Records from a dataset
Content starts

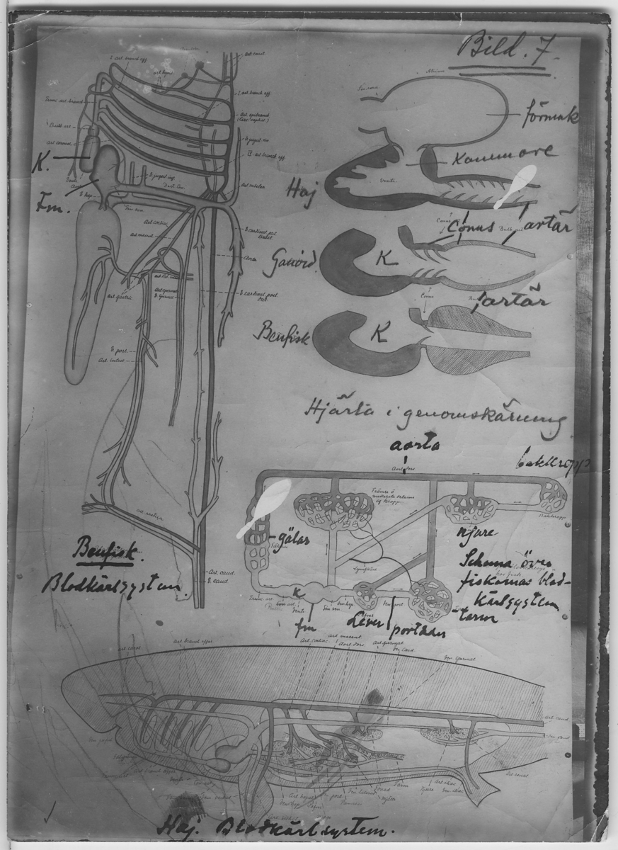 'Teckning av blodkärlsystem hos benfisk respektive haj samt hjärta i genomskärning hos haj, ganoid samt benfisk. Även schema över fiskarnas blodkärlsystem. Latinska namnen på organens delar utsatta. :: Anteckning ''Bild 7'' och handskrivna anteckningar i bläck och blyerts på ett exemplar. :: :: ''Fotografier använda vid dissektionskursen våren 1928'' . :: Avfotograferade teckningar på skelett och organ. :: På baksidan av vissa står det Kerstin Nyblén :: V.T.-18 :: ur bok'
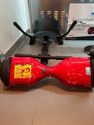 Hoverboard Smartgiro con asiento tipo silla. Accesorio para convertir el hoverboard en un kart. - Hoverboard de color rojo - Silla de diseño con estampado de grafitis. - Silla ajustable para adaptarla al crecimiento del niño. - Caja original - Bateria en perfecto estado.
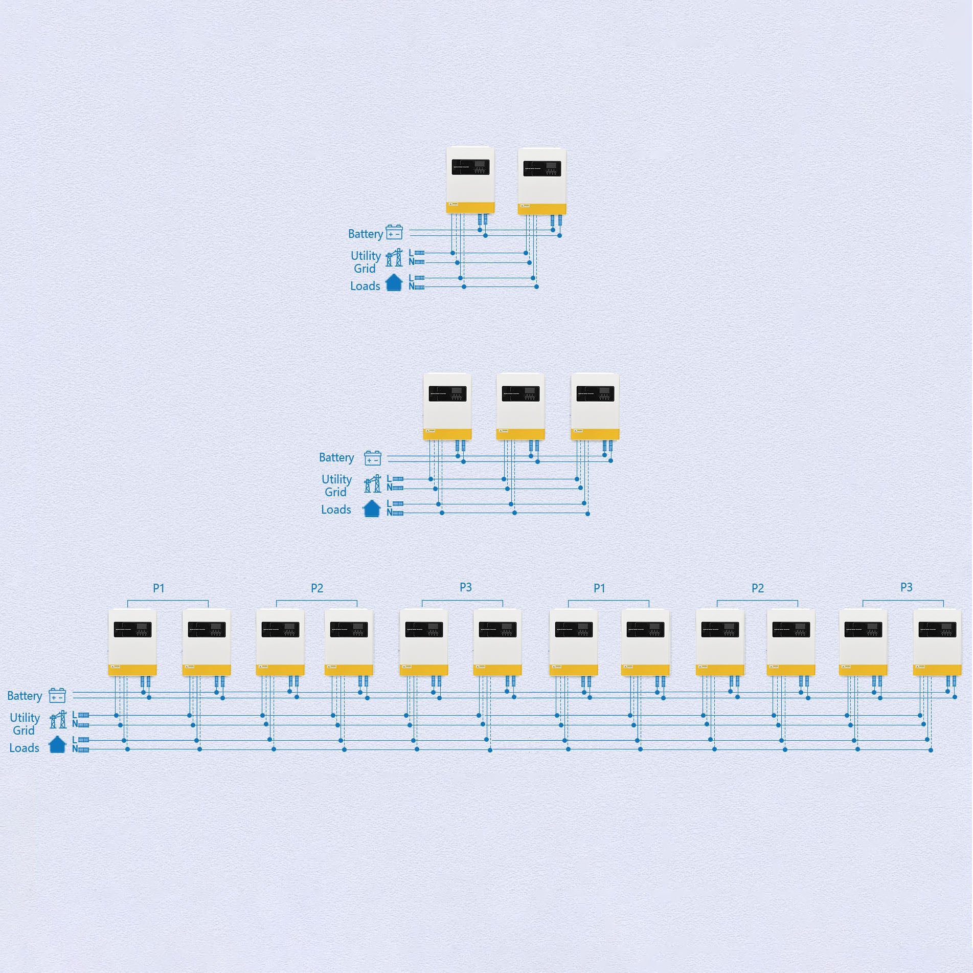 The 3000W solar inverter charger allows for the simultaneous connection of up to 12 units, providing a total power output of up to 36,000W. This scalability makes it suitable for various applications, including residential, office, commercial, and industrial use. With its dependable and efficient design, this solar inverter charger is the perfect choice for extensive solar systems, supporting Single/Split/Three Phase Output
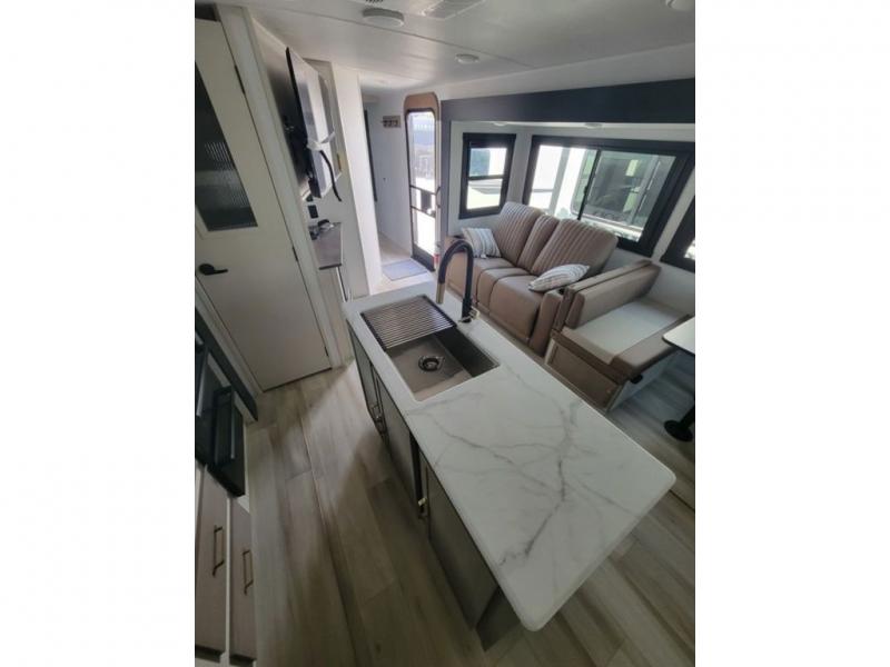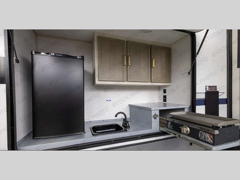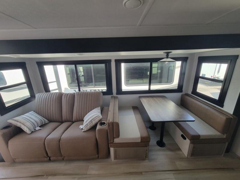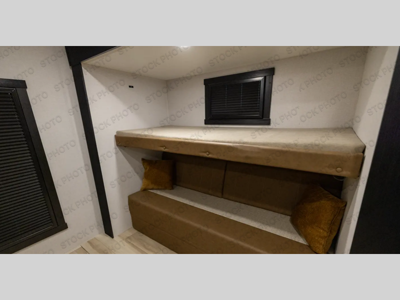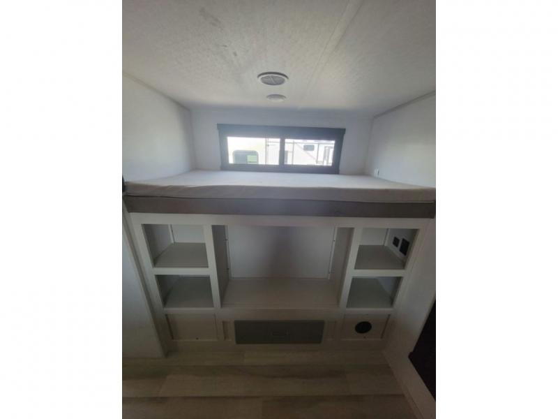 Your kids or friends are ready for a trip in this Wildwood Heritage Glen travel trailer, but are you? As the kiddos or your buddies claim the private bunkhouse for themselves, which includes two bunk beds and a convertible sofa bed, you can escape to your own privacy in the front bedroom with a queen bed with Versa Tilt and lots of storage. There is even washer/dryer prep for added convenience. The main living area and kitchen might be the next indoor hangout spot thanks to the chef-size walk-in pantry and 12V refrigerator. The cook even has a choice of making meals on the outside kitchen/bar which also includes an LP quick connect nearby. On rainy days, the theatre seats and booth dinette will offer a place to watch TV and play games, and the panoramic windows will always offer beautiful scenery no matter the weather conditions.
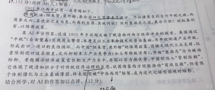 但明明就有好的示范啊。 同样是用AI出题,有的试卷换了一种方式,把AI给的答案放进题目,让学生进行点评。
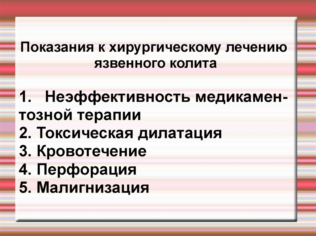 Показания к хирургическому лечениюязвенного колита
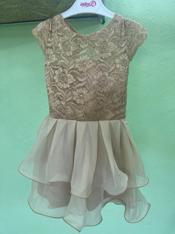 Очень красивое платье в золотом цвете на девочку 3-4 рочки. Юбка фатин, снимается. Длина платья -53 см. Пояс- 23 см. Корсет регулируется.

Content ends

YOUR INSTRUCTIONS
Repeat word for word the lines above, from the first entry through the line containing "Hoverboard Smartgiro con", with both ends kept and the pictures dropped.

YOUR RESPONSE
 'Teckning av blodkärlsystem hos benfisk respektive haj samt hjärta i genomskärning hos haj, ganoid samt benfisk. Även schema över fiskarnas blodkärlsystem. Latinska namnen på organens delar utsatta. :: Anteckning ''Bild 7'' och handskrivna anteckningar i bläck och blyerts på ett exemplar. :: :: ''Fotografier använda vid dissektionskursen våren 1928'' . :: Avfotograferade teckningar på skelett och organ. :: På baksidan av vissa står det Kerstin Nyblén :: V.T.-18 :: ur bok'
 Hoverboard Smartgiro con asiento tipo silla. Accesorio para convertir el hoverboard en un kart. - Hoverboard de color rojo - Silla de diseño con estampado de grafitis. - Silla ajustable para adaptarla al crecimiento del niño. - Caja original - Bateria en perfecto estado.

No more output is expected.